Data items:
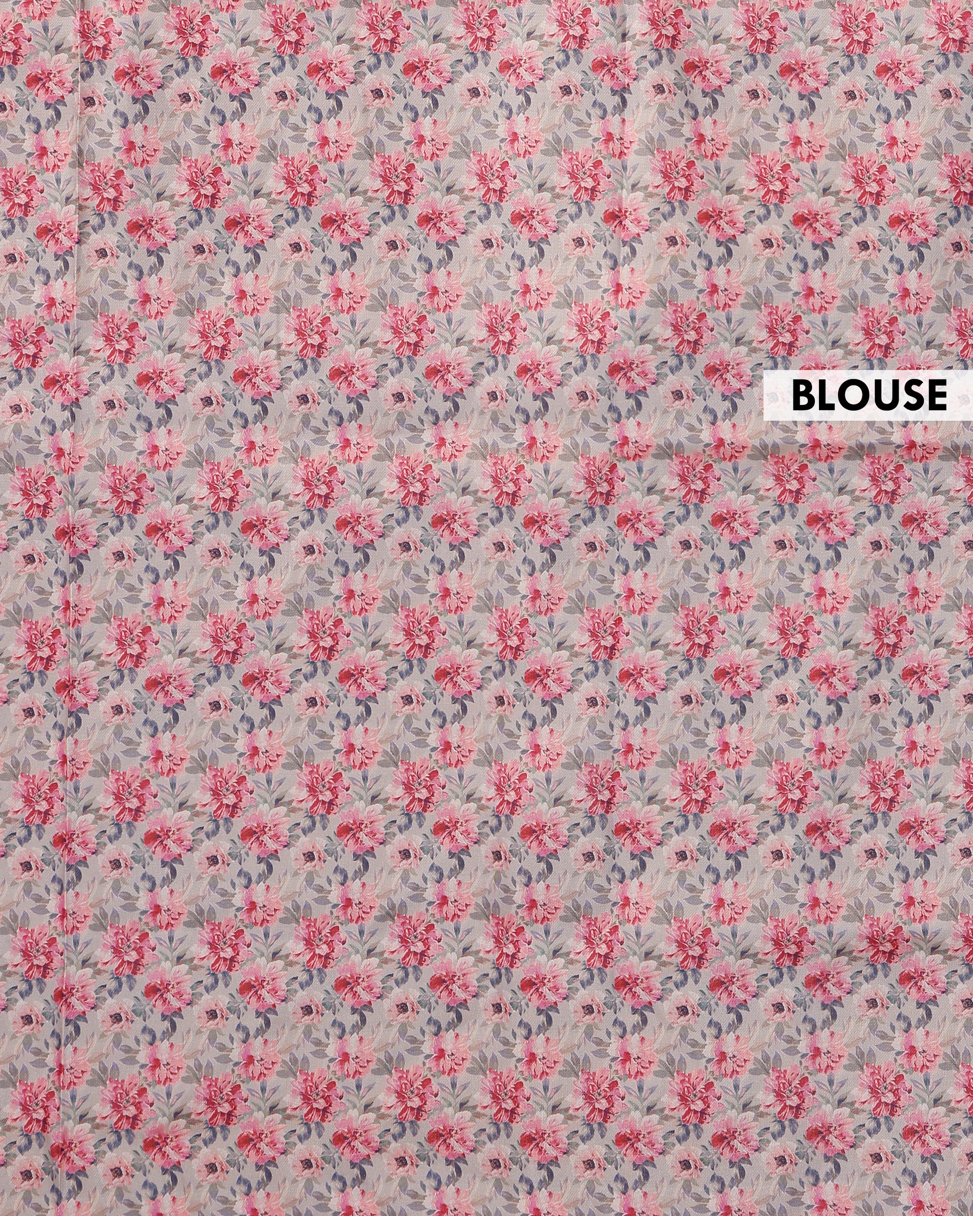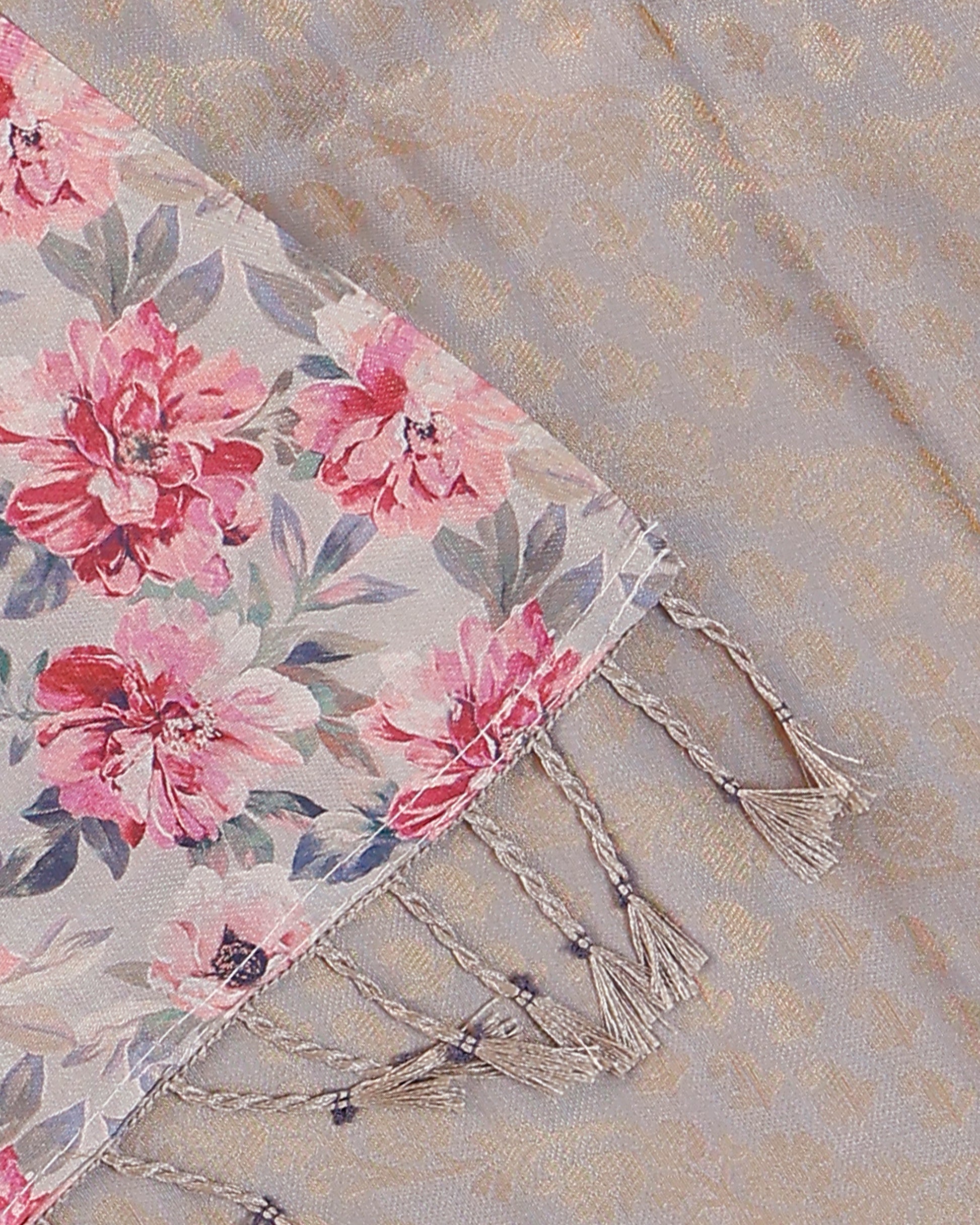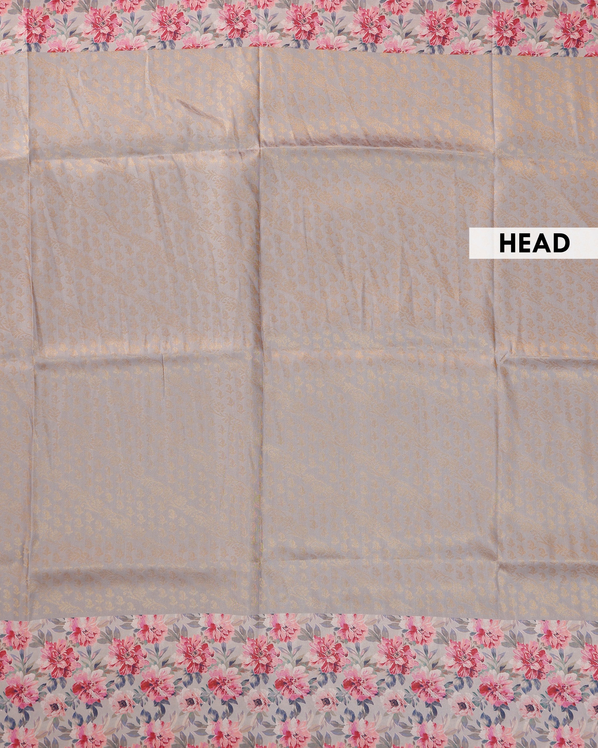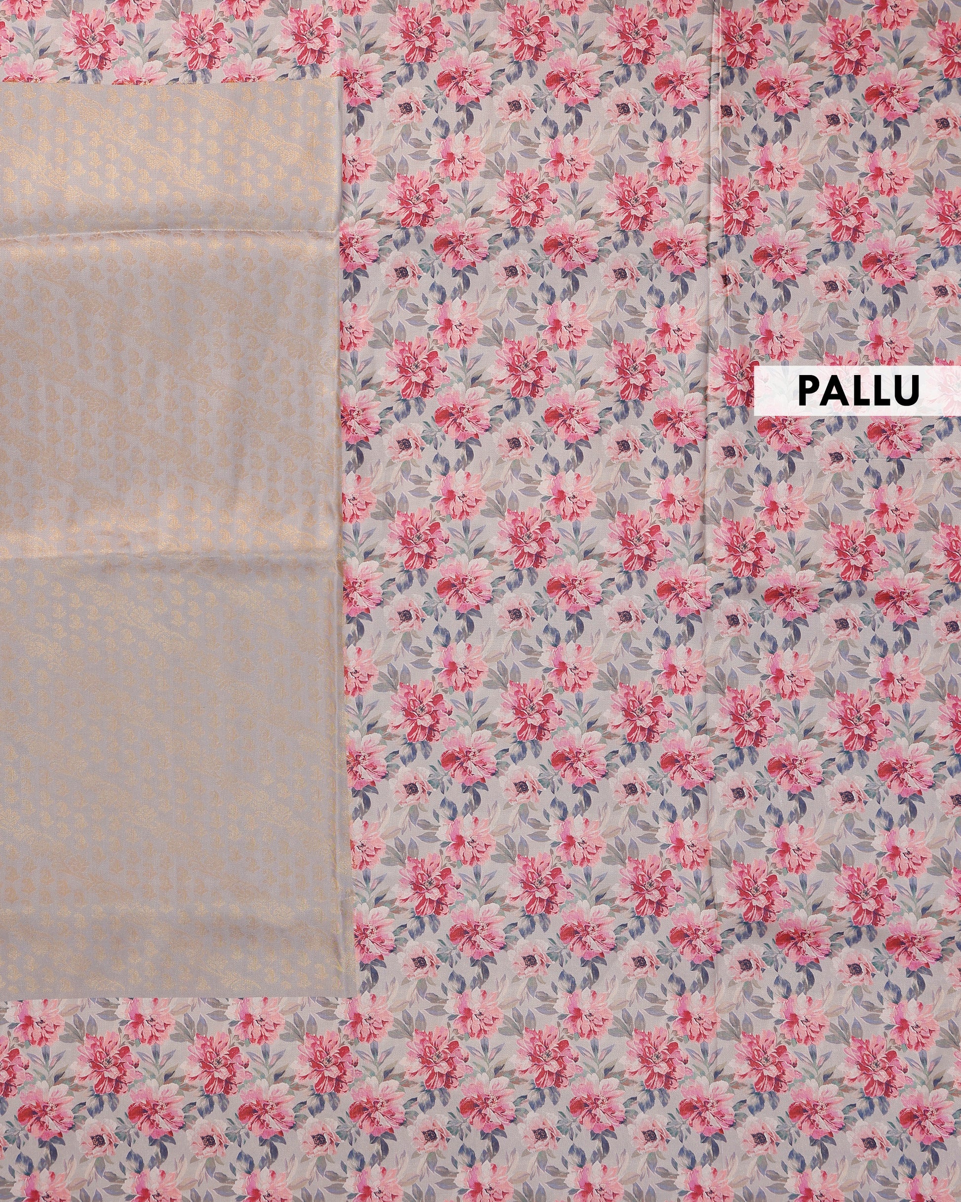 Solid Soft Silk Saree With Floral Printed Blouse - Beige
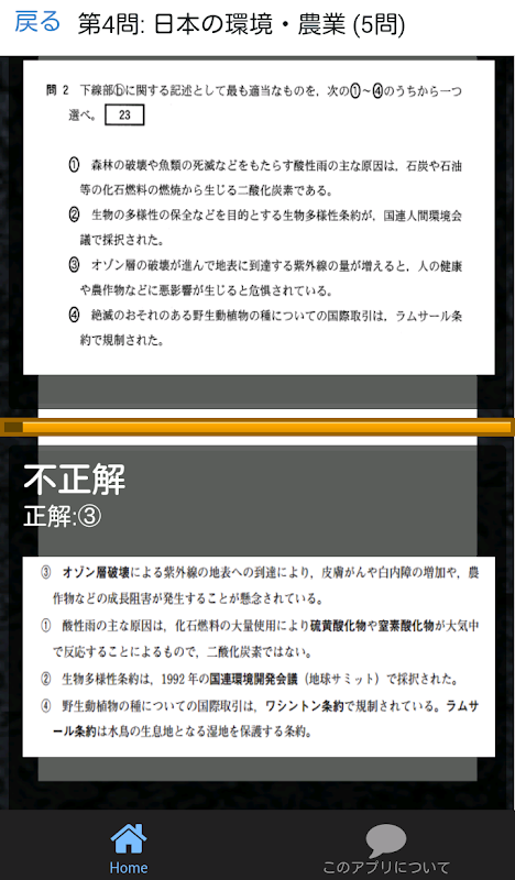 ※ 実際の問題では選択肢が8択まであるものもありますが、アプリのシステム環境の都合上、問題の選択肢は最大で5択までとなっております。
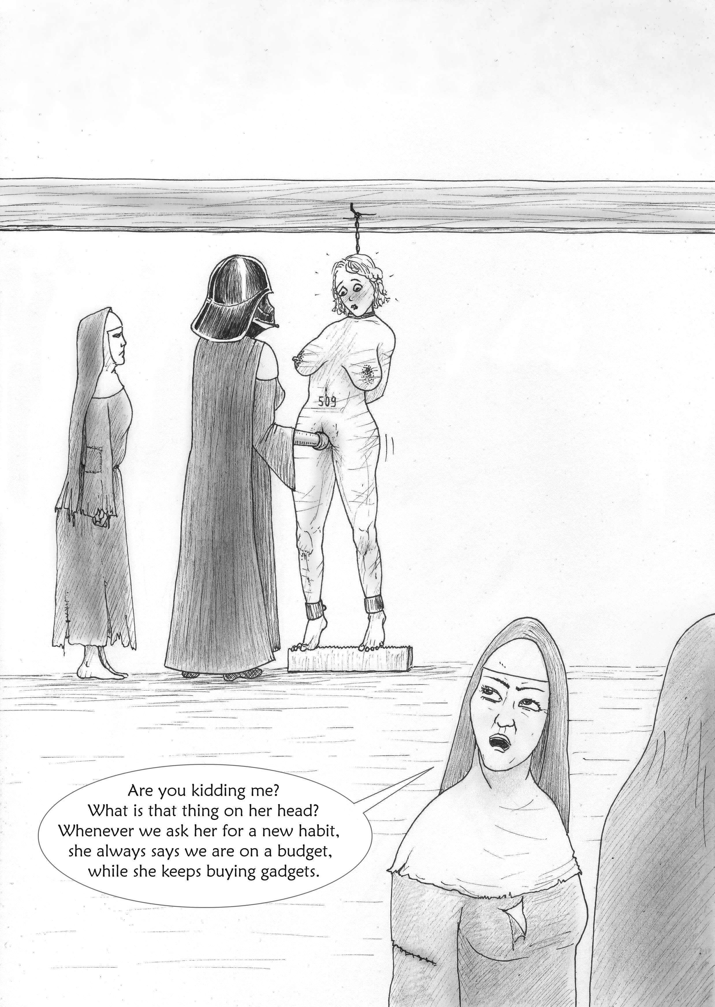 Well, if the Mother Superior sees masturbation as a sin and a disgrace and she absolutely wants to come out with a confession, then that's fine too... The tribunal may already see the beginnings of heresy and order further questioning under torture, it will be difficult to put her on the rack... Sister Frank would probably have some interesting ideas, like the witch's chair with the heated devil's phallus, or hanging her by the breasts, supported from below by the Judas Cradle... and later the execution by impaling her over a small fire....
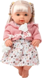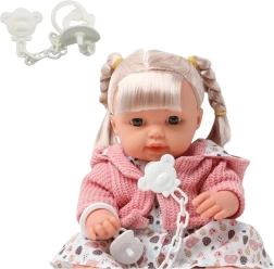 Dar vienas privalumas – realistiški garso efektai: lėlytė skleidžia juoko ir verksmo garsus, kurie pagyvina ir praturtina žaidimą. Lėlytė vilki spalvingą suknelę ir minkštą rožinį megztuką, kurį galima nusivilkti, taip atsiranda daugiau kūrybiškų žaidimo galimybių. Rinkinyje taip pat yra čiulptukas su grandinėle ir pakabuku, kad vaikas galėtų pasijusti tikru globėju. Pagaminta iš patvaraus ir saugaus plastiko, ji lengva, maloni liesti ir idealiai tinka kasdieniam glaudimui, priežiūrai ir bendroms pramogoms.
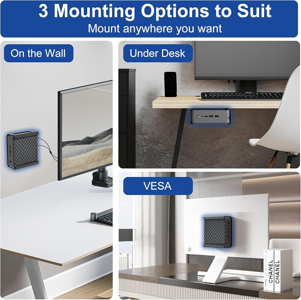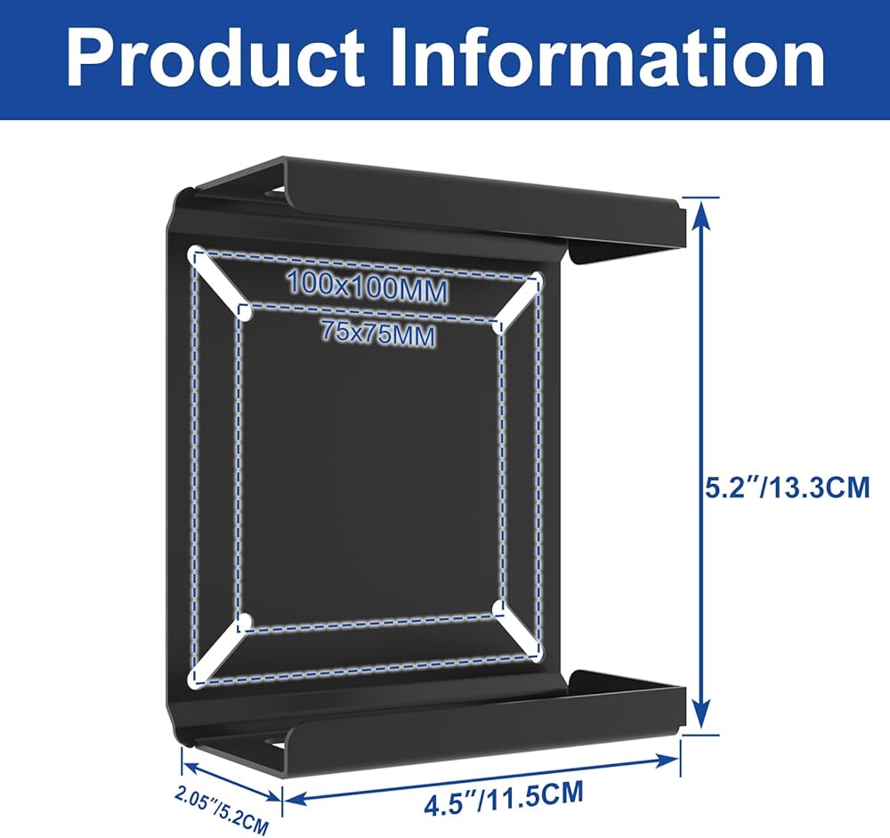 ثلاثة خيارات التثبيت - Mini Mount: Mini PC Vesa Mount for Beelink ، قم بإرفاق Peelink Mini PC بسهولة إلى الجزء الخلفي من شاشتك باستخدام نمط VESA 75 × 75 مم أو 100 × 100 مم. يمكنك تركيبه على الحائط أو أسفل المكتب لتلبية احتياجاتك المختلفة.
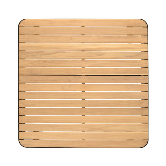 Portals Outdoor Square Bar Table in Natural Teak Wood Top and Black Frame
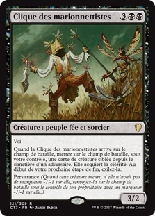 | Rules | Flying When Puppeteer Clique enters the battlefield, put target creature card from an opponent's graveyard onto the battlefield under your control. It gains haste. At the beginning of your next end step, exile it. Persist (When this creature dies, if it had no -1/-1 counters on it, return it to the battlefield under its owner's control with a -1/-1 counter on it.) |
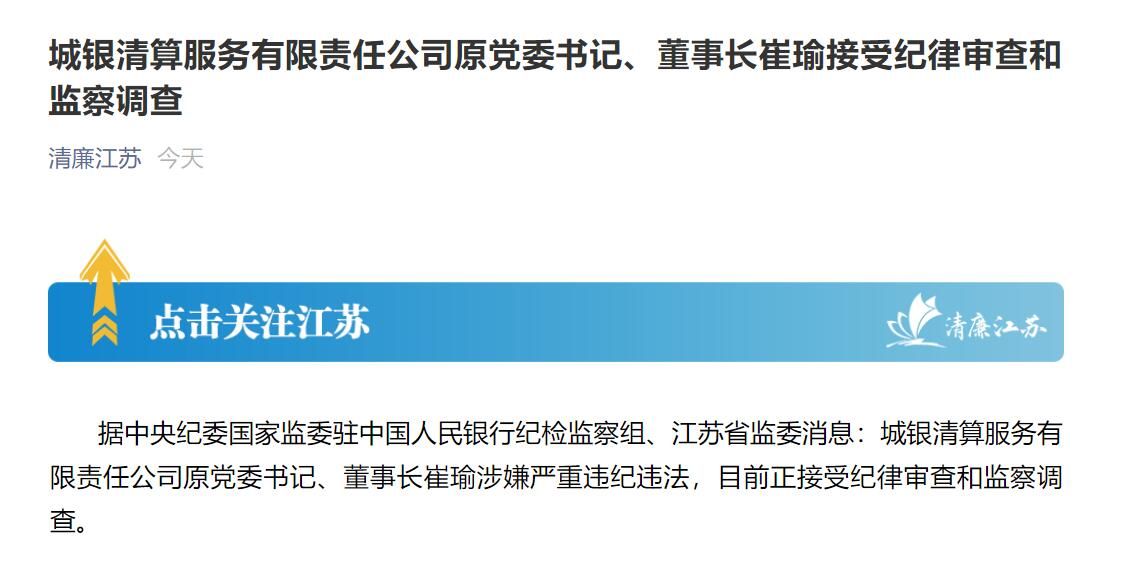 据中央纪委国家监委驻中国人民银行纪检监察组、江苏省监委消息:城银清算服务有限责任公司原党委书记、董事长崔瑜涉嫌严重违纪违法,目前正接受纪律审查和监察调查。
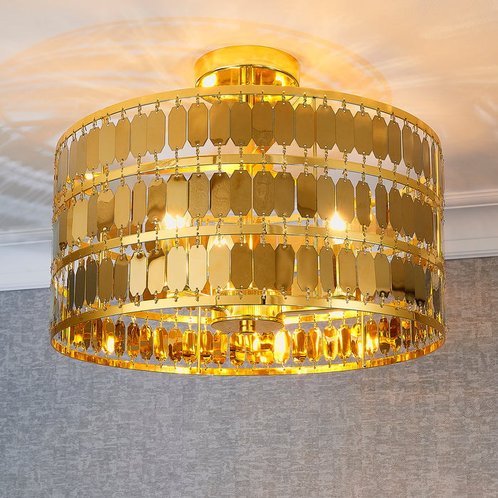 Product DescriptionThe Eldora ceiling light with gold effect hexagonal detailing will give modern interiors a designer look with with shimmer and style.
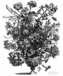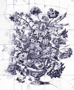 The engraving of a vase with flowers made by the Amsterdam print maker Carel Allard served as the design source for the Bloempot tiled factory sign.In ‘The Bloempot Factory Sign in Rotterdam’ I referred to three tile panels based on an engraving by Carel Allard (1648-1709) in a fireplace in John Knox House in Edinburgh.
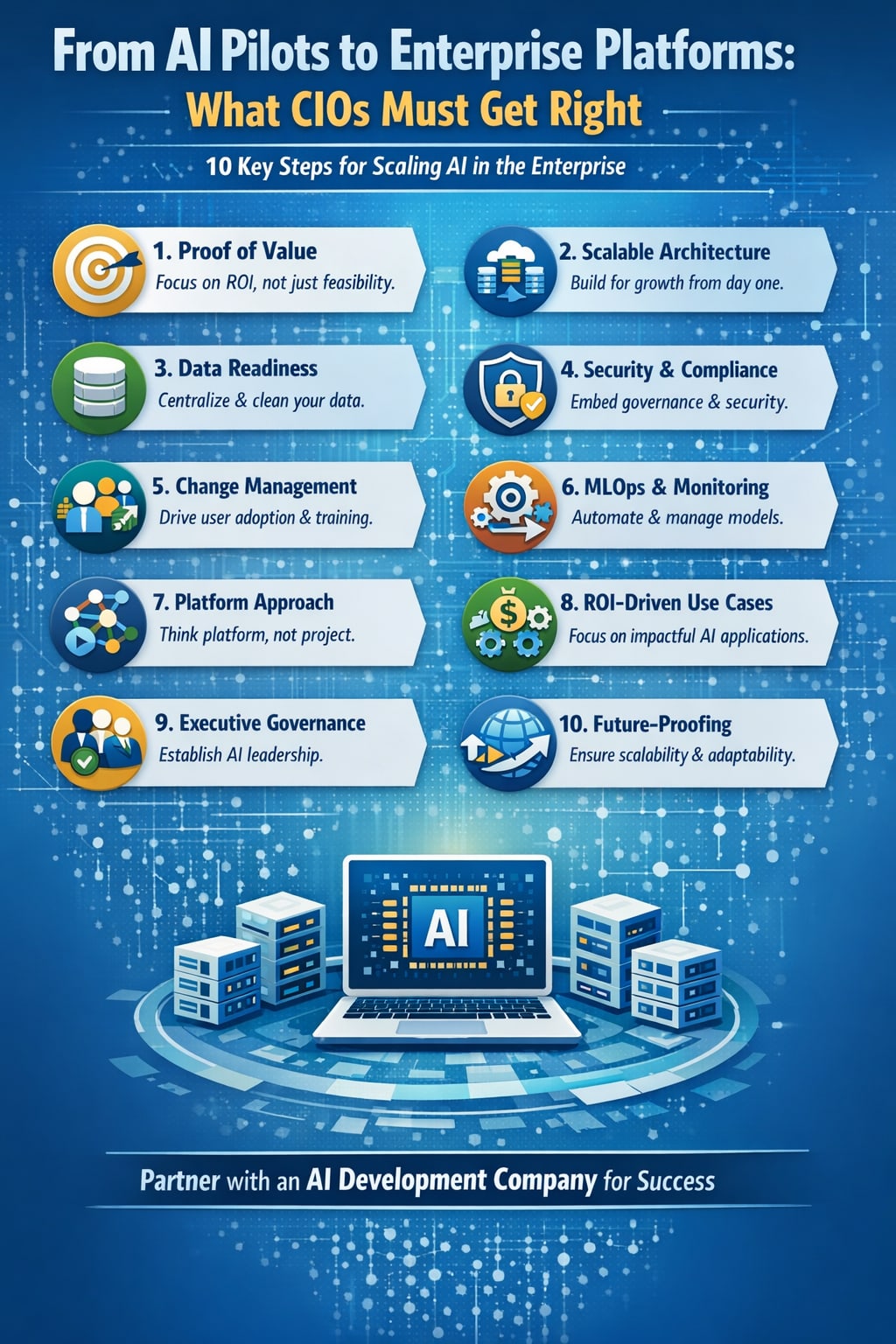 A strategic blueprint for CIOs to scale AI pilots into secure, ROI-driven enterprise platforms through strong architecture, governance, and AI development services partnerships.

◆ Exercise goal: Extract the part of the records that opens with the line containing "Portals Outdoor Square" and closes with the line containing "counter on it.) |". Take only those lines, exactly, and no pictures.

◆ Output of the task:
 Portals Outdoor Square Bar Table in Natural Teak Wood Top and Black Frame
 | Rules | Flying When Puppeteer Clique enters the battlefield, put target creature card from an opponent's graveyard onto the battlefield under your control. It gains haste. At the beginning of your next end step, exile it. Persist (When this creature dies, if it had no -1/-1 counters on it, return it to the battlefield under its owner's control with a -1/-1 counter on it.) |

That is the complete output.